Athletes themselves aspire to preserve this illusion of immortality. Many athletes are concerned with the post-self: the history they leave behind and how they will be remembered in the future. Sports are a way for athletes to leave their mark on the world, to be immortalized in their peak physicality and achievement. When Roger Bannister finished the incredible feat of breaking the four-minute mile, he said, “I felt that the moment of a lifetime had come. There was no pain, only a great unity of movement and aim. The world seemed to stand still, or did not exist […] I felt at that moment that it was my chance to do one thing supremely well.” Bannister describes this moment with a sense of transcending the physical form, feeling connected beyond the physical act he was doing and referencing the spirituality of the moment. He knew this was the pinnacle of his career, the defining moment of his post-self in which he will be immortalized.

This immortalization extends beyond the athlete. Their family and friends are immortalized with them by virtue of being intertwined in their lives. Some athletes feel the pressure of biological immortality. They feel a need to preserve the memory of their bloodline, to honor their ancestors and parents through their physical achievements. Biological immortality ensures this sacrifice of the body is purposeful. Athletes want to ensure that not only themselves but also the people they love are immortalized.

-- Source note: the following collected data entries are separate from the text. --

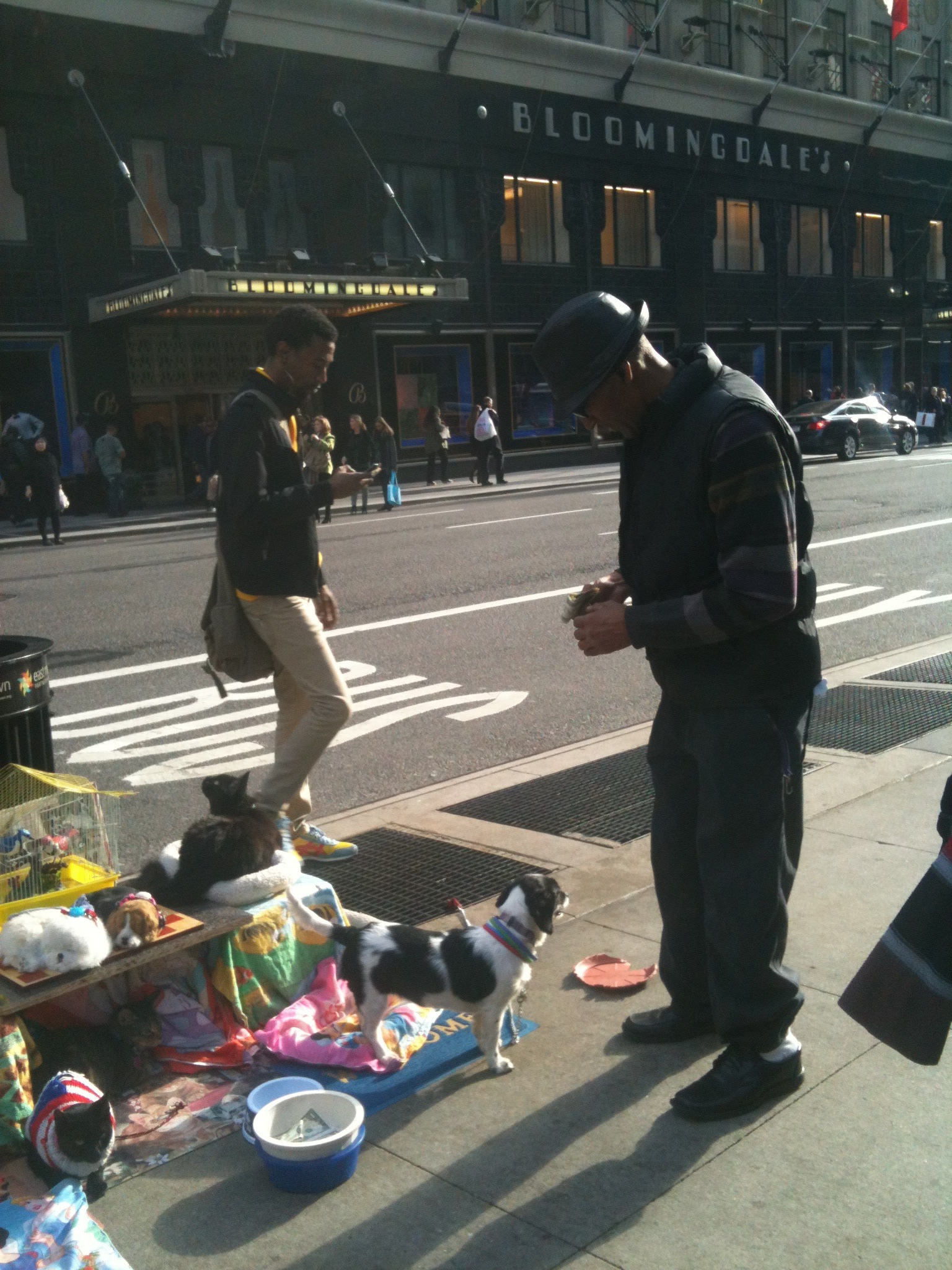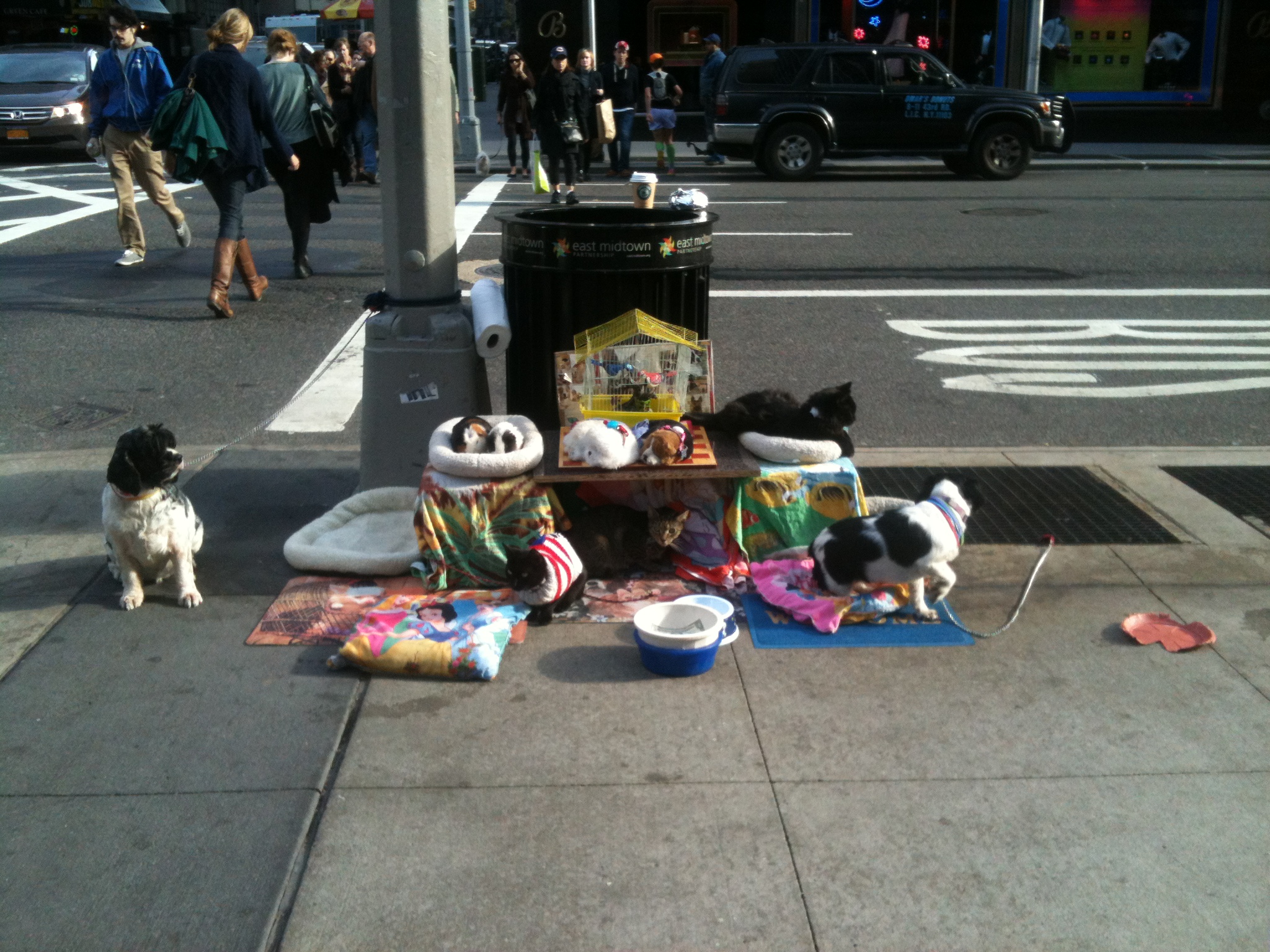 As I exited from the 4 train at 59th & Lex today, as I do every Monday-Friday to go to work, I didn’t follow the shops down Lexington and then turn left on 55th, across from a church and passing 2 Starbucks and 2 Vegetarian Snackbars on my way. Instead, I turned north and walked uptown one block, where I encountered the following scene on the busy southwest corner of 60th and Lexington:
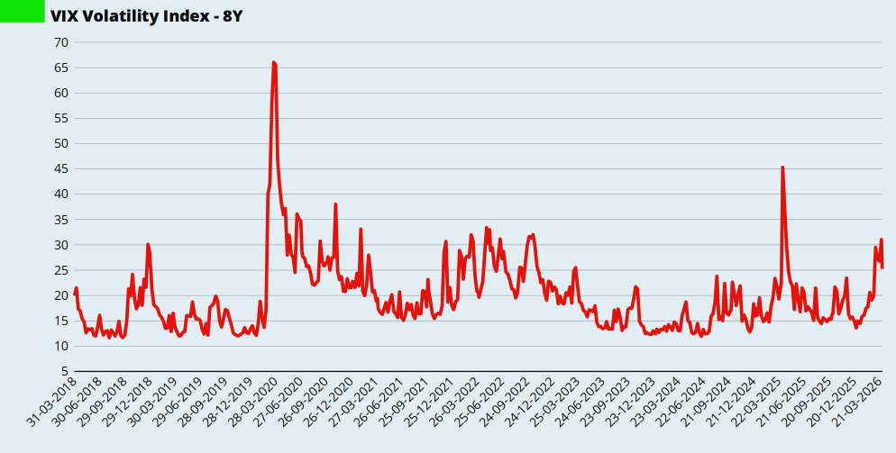 Dan de VIX-index, ook wel bekend als de Fear Index, de maatstaf van volatiliteit in de Amerikaanse markt. Die ging sterk omhoog na de aanval op Iran, dat zal je niet verbazen. Anno 2026 wordt de economie nog steeds geraakt als de productie en het transport van aardolie verstoord worden. Maar de VIX zit niet in paniek-modus. Nog niet.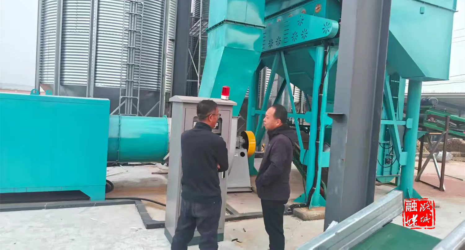 ▲成家川街道工作人员到东邑村融合农业产业园查看烘干设备运行情况。

The general public, strangers to the athletes competing, still finds immortality by living through the athletes’ performances. Writer Fred Exley reflected on his connection with football and its players as “It smacked of something old, something traditional, something unclouded by legerdemain and subterfuge. It had that kind of power over me, drawing me back with the force of something known, scarcely remembered, elusive as integrity — perhaps it was no more than the force of a forgotten childhood. Whatever it was, I gave myself up to the Giants utterly. The recompense I gained was the feeling of being alive.” 

Exley was not an athlete himself. Like many Americans enchanted by sports culture, he found his immortality by defining himself with a team and living vicariously through the athletes performing. Supporting these immortal athletes made him feel alive. 

Dying is a part of living. We avoid discussing death because it embodies all that we fear as humans: the unknown and uncontrollable. Sports are antithetical to death. Sports celebrate people who are in control of their bodies and how they move in space. They are able to push past the confines of the physical body to levels that seem impossible. They inspire us to believe that we also can achieve these feats. We too can outwit our own biology. 

Athletes show us the power of the human body. But there is equal merit in viewing athletics as a celebration of the body in all of its glory — its power and its fragility. Perhaps we focus on remembering athletes and ourselves in not only our greatest triumphs but also in our failures. We can focus less on ways to immortalize ourselves and more on ways to celebrate our mortality.